Das AKW Beznau. Bild: ARND WIEGMANN/REUTERS

Beim AKW Beznau I fehlen wichtige Sicherheitsdokumente – doch die Atomaufsicht schert sich nicht darum



Das Wissen über den Reaktordruckbehälter des AKW Beznau I, bei dem im Juli «Unregelmässigkeiten» entdeckt wurden, ist lückenhaft. Doch die Forderung nach einer unabhängigen Untersuchung läuft ins Leere.

17.08.15, 06:03 17.08.15, 09:39

Das AKW Gösgen ist vom Netz, die Schweiz damit zum ersten Mal Atomstrom-frei. Derweil macht das AKW Beznau I, das seit der Entdeckung von «Unregelmässigkeiten» in den Stahlwänden des Reaktordruckbehälters im Juli ebenfalls stillgelegt ist, Schlagzeilen: Wie der «Tages-Anzeiger» am Montag berichtet, ist das Wissen über die Herstellung dieses AKW-Teils bei Beznau I unvollständig. Pikant: Beim Reaktordruckbehälter handelt es sich um einen hochsensiblen Baustein des AKW – leckt dieser Teil, kann radioaktive Strahlung entweichen.

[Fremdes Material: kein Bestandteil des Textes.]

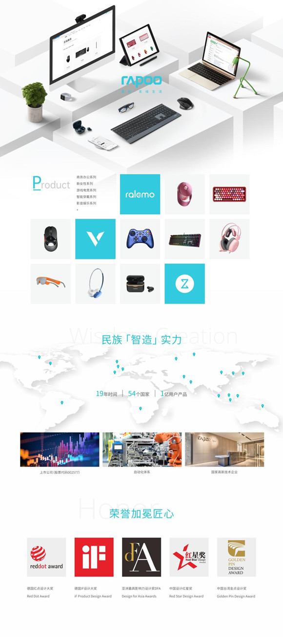 雷柏連年受邀參加德國IFA、美國CES等全球消費電子大展,展現新國貨魅力。屢獲德國IF設計獎、德國Reddot紅點設計大獎、日本G-Mark設計獎、亞洲DFA最具影響力設計獎、中國創新設計紅星獎、中國臺灣金點設計獎等國內外權威設計獎,讓3C硬件重塑新動力與新方向,重構想象。向世人展現新國貨的標桿實力。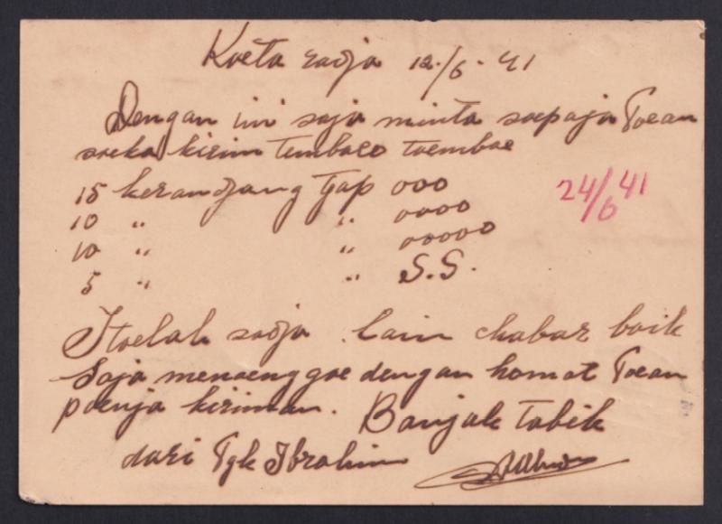 1941 (June 13) Postal Card Scenes 3½c grey to Wonosobo, Java with 'KOETARADJA' cds and very fine strike of 'Militaire
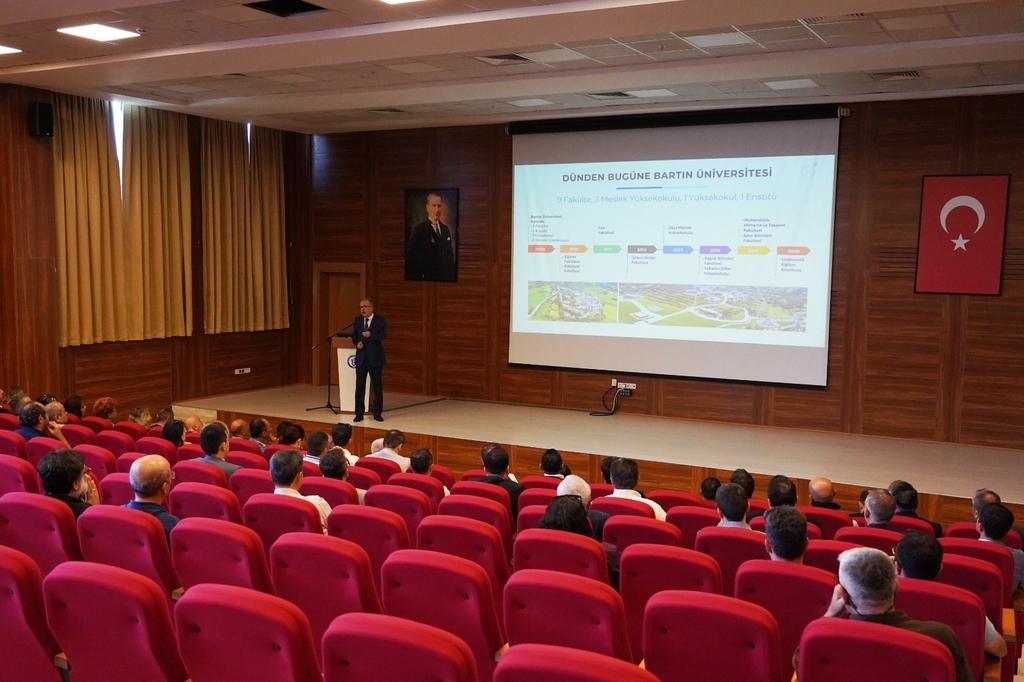 Bartın Üniversitesi (BARÜ) Kutlubey Yerleşkesinde gerçekleştirilen toplantıya kamu kurum ve kuruluşlarından yöneticiler, iş dünyasından ve sivil toplum kuruluşlarından temsilcilerin aralarında bulunduğu çok sayıda kişi katıldı.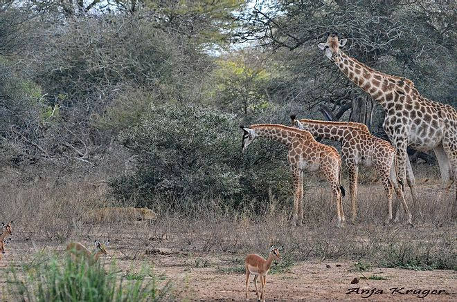 Trong lúc đi kiếm ăn, 3 mẹ con hươu cao cổ đã có cuộc chạm trán không mong muốn với con sư tử. Thế nhưng, thay vì trốn chạy thì chúng lại cố gắng cúi đầu xuống coi cho kỹ kẻ săn mồi.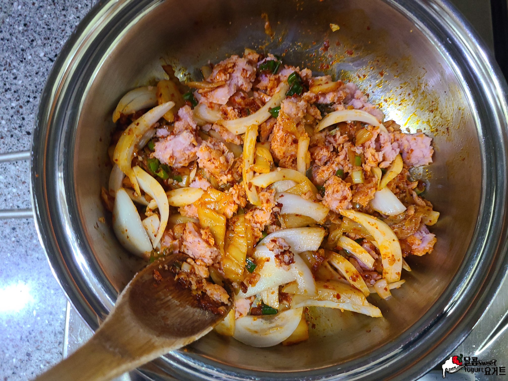 으깬 스팸과 양파를 넣고 가볍게 볶아줍니다.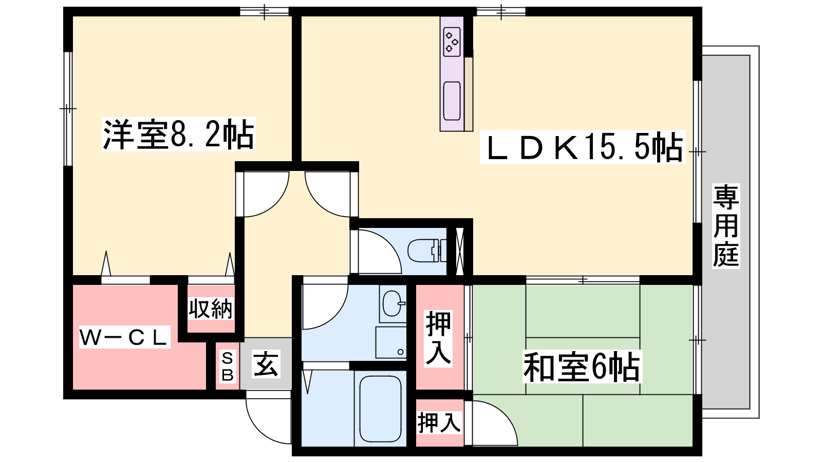- LDK15.5帖、洋室8.2帖、和室6帖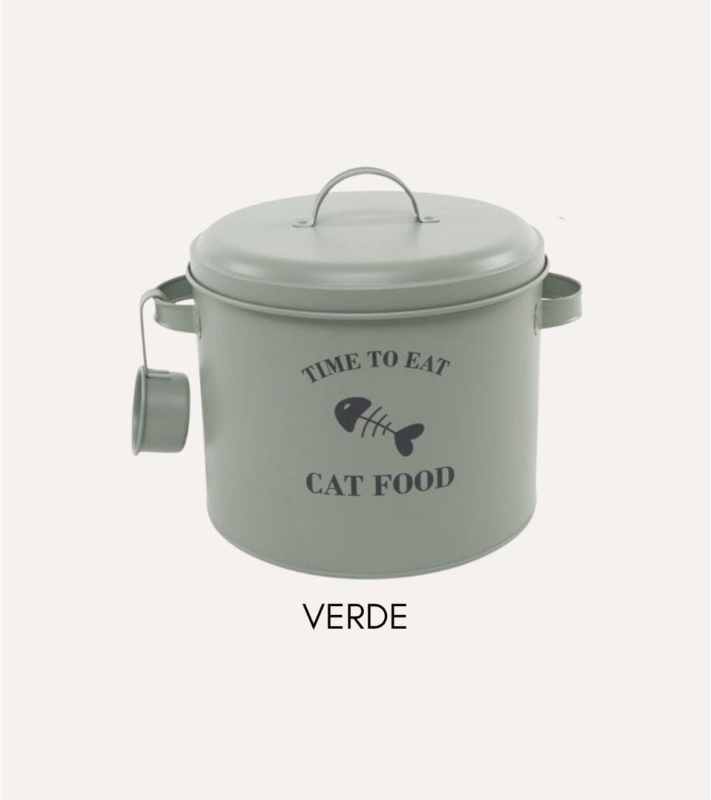 Bote para Comida de Gato de Metal con Cazo
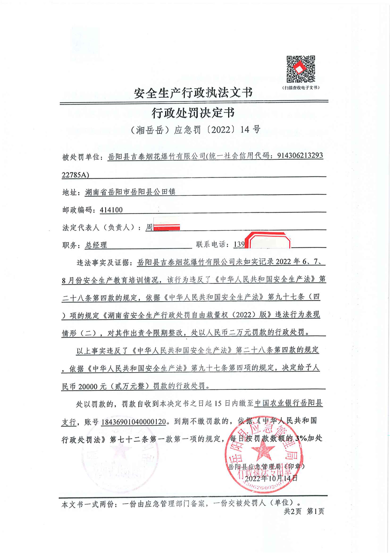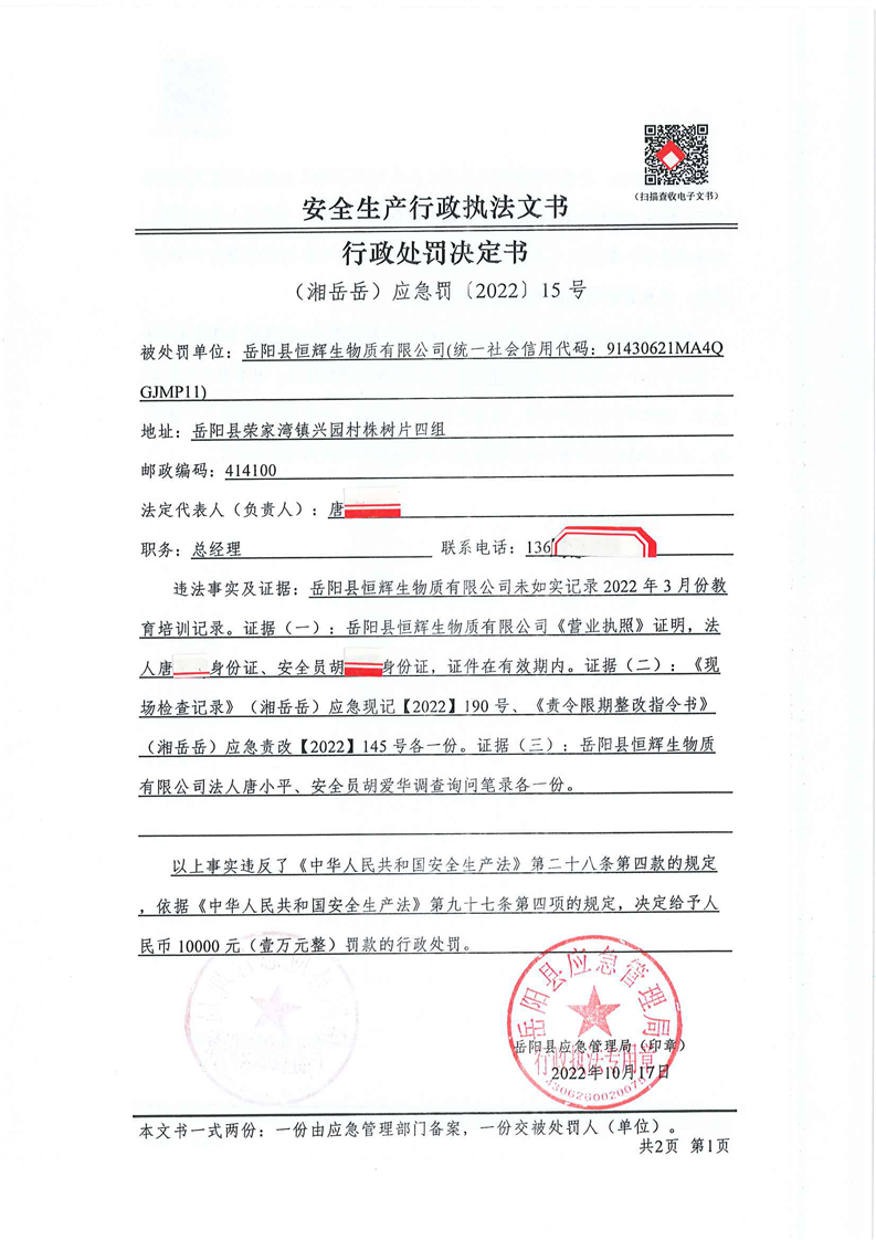 嶽陽縣應急管理局:安全生產行政處罰決定公示(10月第一批)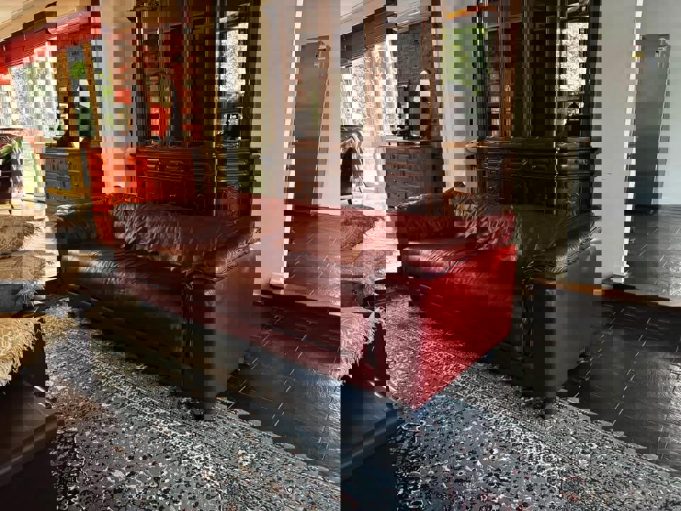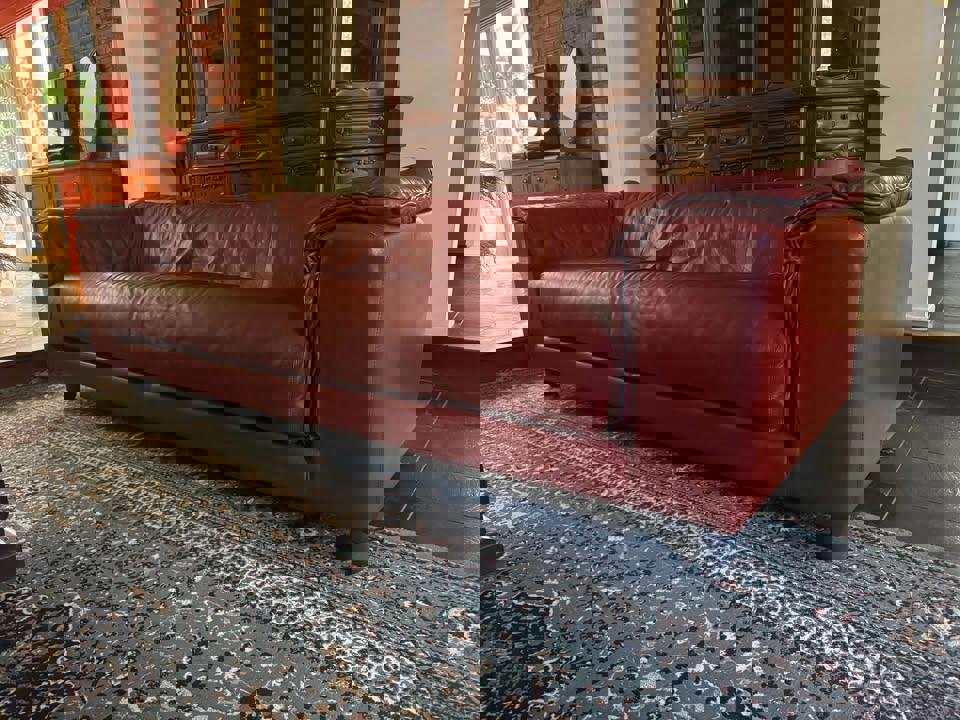 Excellent condition red leather sofa. Big 3 seats one. Very comfortable and skin feel leather.

Dass das Wissen über den Bau bei Beznau I lückenhaft ist, ist der europäischen Atomaufsicht Wenra zu verdanken. Nachdem bei zwei belgischen AKW vor drei Jahren Mängel entdeckt wurden, wies Wenra alle europäische Kraftwerk-Betreiber an, die sicherheitsrelevanten Unterlagen über die Reaktordruckbehälter einzureichen. Die Axpo tat, wie ihr geheissen und übergab der Schweizer Atomaufsicht Ensi die Dokumente. Diese wiederum sah die Wissenslücke, gab sie im Wenra-Report vom Dezember 2014 zu Protokoll – und schwieg.

Forderung nach Untersuchung läuft ins Leere

Ensi hätte es versäumt, aktiv darüber zu informieren, schreibt der «Tages-Anzeiger». Greenpeace fügt an, bei Beznau II würden umfangreichere Informationen zum Reaktordruckbehälter vorliegen, und fordert eine unabhängige Untersuchung. Niemand wisse, ob die Unterlagen nicht doch erst in den letzten Jahren «verschwunden» seien. 

Doch die Axpo und Ensi sehen das anders: Das Atomgesetz von 1959 sehe keine Pflicht zur Dokumentation im heutigen Sinn vor. Bei Beznau II seien «zusätzliche, über die gesetzlichen Anforderungen hinausgehende Unterlagen eingereicht worden». Und das Bundesamt für Energie (BFE) stützt diese Argumentation. Es sehe deshalb keinen Grund, aktiv zu werden. 

(dwi)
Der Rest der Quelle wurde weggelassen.